Usually, all methods of Numpy not only work with np.arrays but also with array-like objects. These are python objects that provide a specific interface such that Numpy can implicitely obtain a Numpy array out of them. This is also what dataObject provides. Therefore you can pass every dataObject to a numpy function without a previous conversion to a numpy array.

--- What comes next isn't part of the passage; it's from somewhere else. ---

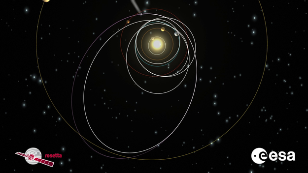 Rosetta is solar-powered with enormous solar panels, yet it could not maintain it normal operations load when farther than 4.5 Astronomical Units (AU) from the Sun so controllers put the spacecraft in hibernation in May of 2011 with instructions to wake up and phone home on January 20, 2014. The signal came about a half hour late, but Rosetta woke up after 31 months in hibernation.
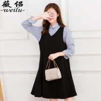 薇侣2017秋季新款胖MM加肥加大显瘦无袖背心裙V领A字连衣裙气质小黑裙

On the other side, itom often supports numpy arrays without conversion to dataObject. This is for instance the case for the method
itom.plot(). Only, when passing arrays
to algorithm or hardware plugins (classes
filter()), usually numpy.arrays have to be converted to
import numpy a np import itom a = np.array([[1,2,3],[4,5,6]]) itom.plot(a) #works itom.filter("minValue", a) #raises an error itom.filter("minValue", itom.dataObject(a)) #works
8.2.10. Main operations on numpy.arrays and itom.dataObjects¶
The following list in an extract of the itom cheatsheet (http://itom.bitbucket.io/media.html) and shows major operations on numpy.arrays and itom.dataObjects:
|np.array (import numpy as np)||itom.dataObject (import itom)|
|arr=np.ndarray([2,3],’uint8’)||dObj = dataObject([2,3],’uint8’)||create a randomly filled 2x3 array with type uint8|
|arr=np.array([[1,2,3],[4,5,6]])||dObj =dataObject([2,3],data=(1,2,3,4,5,6))||create the 2x3 array [1,2,3 ; 4,5,6]|
|arr=np.array(dObj, copy = False)||dObj =dataObject(arr)||convert np.array <-> dataObject (shallow copy if possible)|
|arr.ndim||dObj.ndim||Returns number of dimensions (here: 2)|
|arr.shape||dObj.shape||Returns size tuple (here: [2,3])|
|arr.shape||dObj.shape||Returns size of first dimensions (here: y-axis)|
|c=arr[0,1]; arr[0,1]=7||dObj[0,1]; b[0,1]=7||Gets or sets the element in the 1st row, 2nd col|
|c=arr[:,1:3] or||c=dObj[:,1:3] or||Returns shallow copy of array containing the 2nd and 3rd columns|
|c=arr[0:2,1:3]||c= dObj [0:2,1:3]|
|arr[:,:]=7||dObj[:,:]=7||sets all values of array to value 7|
|arr.transpose() (shallow copy)||dObj.trans() (deep copy)||transpose of array|
|np.dot(arr1,arr2)||dObj1 * dObj2 (float only)||matrix multiplication|
|arr1 * arr2||dObj1.mul(dObj2)||element-wise multiply|
|arr1 / arr2||dObj1.div(dObj2)||element-wise divide|
|arr1 +,- arr2||dObj1 +,- dObj2||sum/difference of elements|
|arr1 +,- scalar||dObj1 +,- scalar||adds/subtracts scalar from every element in array|
|arr1 &,| arr2||dObj1 &,| dObj2||element-wise, bitwise AND/OR operator|
|arr2 = arr1||dObj2 = dObj1||referencing (both still point to the same array)|
|arr2 = arr1.copy()||dObj2 = dObj1.copy()||deep copy (entire data is copied)|
|arr2 = arr1.astype(newtype)||dObj2 = dObj1.astype(‘newtypestring’)||type conversion|
|arr = np.zeros([3,4],’float32’)||dObj = dataObject.zeros([3,4], ‘float32’)||3x4 array filled with zeros of type float32|
|arr = np.ones([3,4],’float32’)||dObj = dataObject.ones([3,4], ‘float32’)||3x4 array filled with ones of type float32|
|arr = np.eye(3,dtype=’float32’)||dObj = dataObject.eye(3, ‘float32’)||3x3 identity matrix (type: float32)|
|arr2 = arr1.squeeze()||dObj2 = dObj1.squeeze()||converts array to an array where dims of size 1 are eliminated (deep copy if necessary)|
|np.linspace(1,3,4)||4 equally spaced samples between 1 and 3, inclusive|
|[x,y] = np.meshgrid(0:2,1:5)||two 2D arrays: one of x values, the other of y values|
|np.linalg.inv(a)||inverse of square matrix a|
|x=np.linalg.solve(a,b)||solution of ax=b (using pseudo inverse)|
|[U,S,V] = np.linalg.svd(a)||singular value decomposition of a (V is transposed!)|
|np.fft.fft2(a), np.fft.ifft2(a)||filter available (Inverse) 2D fourier transform of a|
|a[a>0]=5||a[a>0] = 5||sets all elements > 0 of a to 5|
|a[np.isnan(a)]=0||a[np.isnan(a)]=5||sets all NaN values of a to 5|
|arr2 = arr1.reshape([3,2])||dObj2 = dObj1.reshape([3,2])||reshapes arr1 to new size (equal number of items)|
For a detailed methods-summery of the dataObject see itom Script Reference.